To get the AUC we use `msr("classif.auc")` instead of `"classif.acc"` going forward.
## Your Turn!
1. Repeat the same resampling steps for the `{rpart}` decision tree learner.
(Resample with 5-fold CV, evaluate based on test accuracy)
- Does it fare better than kNN with default parameters?
2. Repeat either learner resampling with different hyperparameters
3. `{mlr3viz}` provides alternatives to the ROC curve, which are described in the help page `?autoplot.PredictionClassif`.
Experiment with precision recall and threshold curves. Which would you consider most useful?
This is technically peck-and-find hyperparameter tuning which we'll do in a
more convenient (and methodologically sound) way in the next part :)
## Benchmarking
The next thing we'll try is to resample across multiple learners at once --- because doing resampling for each learner separately and comparing results is just too tedious.
Let's set up our learners with default parameters and compare them against
a dummy *featureless* learner, which serves as a naive baseline. This learner always predicts the average of the target or the majority class in this case, so it's the worst possible learner that should be beatable by any reasonable algorithm!
```{r bm-setup}
learners <- list(
lrn("classif.kknn", id = "knn", predict_type = "prob"),
lrn("classif.rpart", id = "tree", predict_type = "prob"),
lrn("classif.featureless", id = "Baseline", predict_type = "prob")
)
# Define task, learners and resampling strategy in a benchmark design
design <- benchmark_grid(
tasks = spam_task, # Still the same task
learners = learners, # The new list of learners
resamplings = rsmp("cv", folds = 3) # Same resampling strategy as before
)
# Run the benchmark and save the results ("BenchmarkResult" object)
bmr <- benchmark(design)
bmr
# It's just a collection of ResampleResult objects from before!
as.data.table(bmr)
```
`bmr` contains everything we'd like to know about out comparison. We extract the scores
and take a look:
```{r bm-results-full}
bm_scores <- bmr$score(msr("classif.auc"))
bm_scores
# Extract per-iteration accuracy per learner (only first five rows shows)
bm_scores[1:5, .(learner_id, iteration, classif.auc)]
# To get all results for the tree learner
bm_scores[learner_id == "tree", .(learner_id, iteration, classif.auc)]
# Or the results of the first iteration
bm_scores[iteration == 1, .(learner_id, iteration, classif.auc)]
```
And if we want to see what worked best overall:
```{r bm-results-aggregate}
bmr$aggregate(msr("classif.auc"))[, .(learner_id, classif.auc)]
autoplot(bmr, measure = msr("classif.auc"))
```
```{r bm-roc}
autoplot(bmr, type = "roc")
```
We see what we'd expect regarding the featureless learner --- it's effectively a coin toss.
Also, kNN does quite a bit better than the decision tree with the default
parameters here.
Of course including the featureless learner here doesn't really add any insights,
especially since we evaluate by AUC, where the featureless learner gets a score of 0.5 by definition.
## Your Turn!
Since we have a binary classification problem, we might even get away with using
plain old logistic regression.
Instead of benchmarking against the featureless learner, compare kNN and decision trees
to the logistic regression learner `"classif.log_reg"` without any hyperparameters.

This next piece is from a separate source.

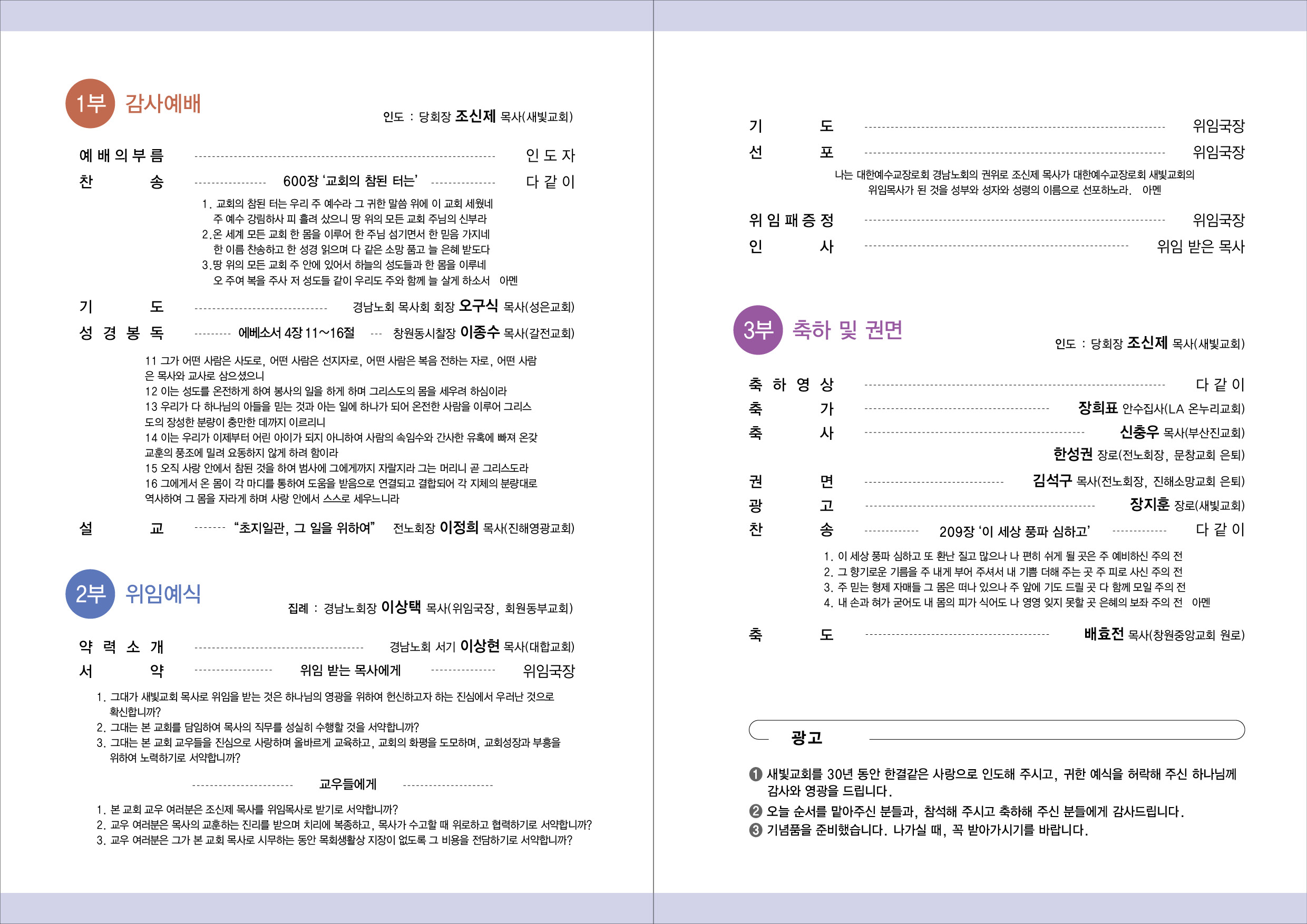 교회설립 30주년 감사 및 조신제 목사 위임 예식 안내

Do our fancy ML methods beat the good old GLM?
Use the best hyperparameter settings for kNN and `rpart` you have found so far
# Random Forests & Boosting
Armed with our new model comparison skills, we can add Random Forests and
Gradient Boosting to the mix!
Our new learner IDs are
- `"classif.ranger"` for Random Forest, see `?ranger::ranger`
- `"classif.xgboost"` for (eXtreme) Gradient Boosting, see `?xgboost::xgboost`
(You know it has to be fancy if it has "extreme" in the name!)

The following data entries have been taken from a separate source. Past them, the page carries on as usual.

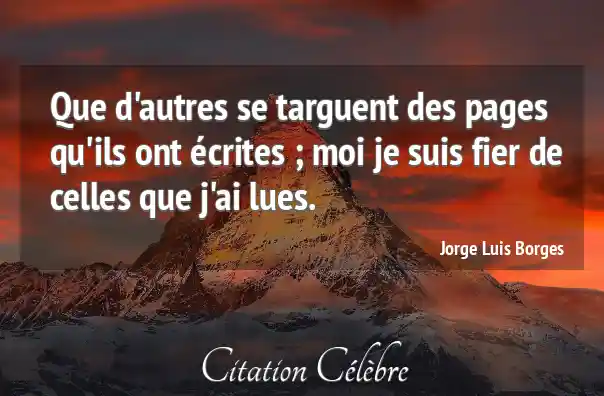 Que d'autres se targuent des pages qu'ils ont écrites ; moi je suis fier de celles que j'ai lues.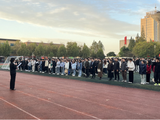 在东校区老田径场举行升旗仪式。院党委副书记张晨露,全体辅导员和2022级、2023级全体本科生参加。仪式由电信类12301班李悦嘉同学主持。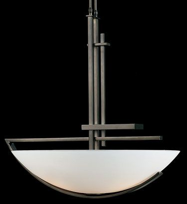 Hubbardton Forge Ondrian Large Adjustable Pendant with glass bowl and diffuser. Includes adjustable stem and square canopy kit. Can be used on a sloped ceiling. This unique pendant has a sleek, contemporary look and would be ideal in a variety of settings throughout the home, but would be ideal in a foyer, great room, or above a dining room table.

Both learners can already do fairly well without tweaking hyperparameters, except
for the `nrounds` value in `xgboost` which sets the number of boosting iterations.

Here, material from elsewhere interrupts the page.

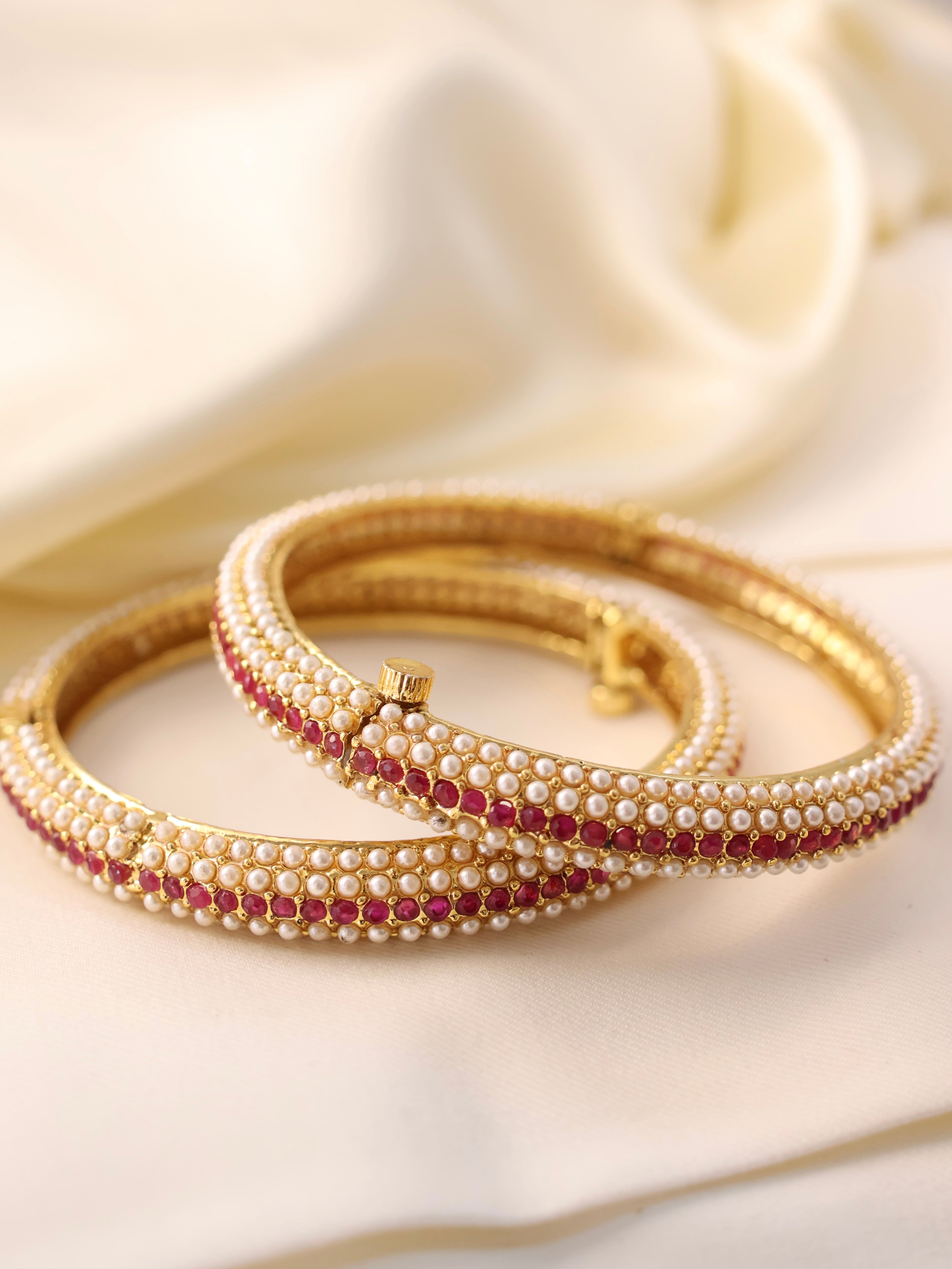 Antique Gold Ruby Pearl Bangles- Set Of 2

The default in the `{mlr3}` learner is 1, which kind of defeats the purpose of boosting.
## Your Turn!
Use the benchmark setup from above and switch the `kknn` and `rpart` learners
with the Random Forest and Boosting learners.
Maybe switch to holdout resampling to speed the process up a little and make
sure to set `nrounds` to something greater than 1 for `xgboost`.
What about now? Can we beat logistic regression?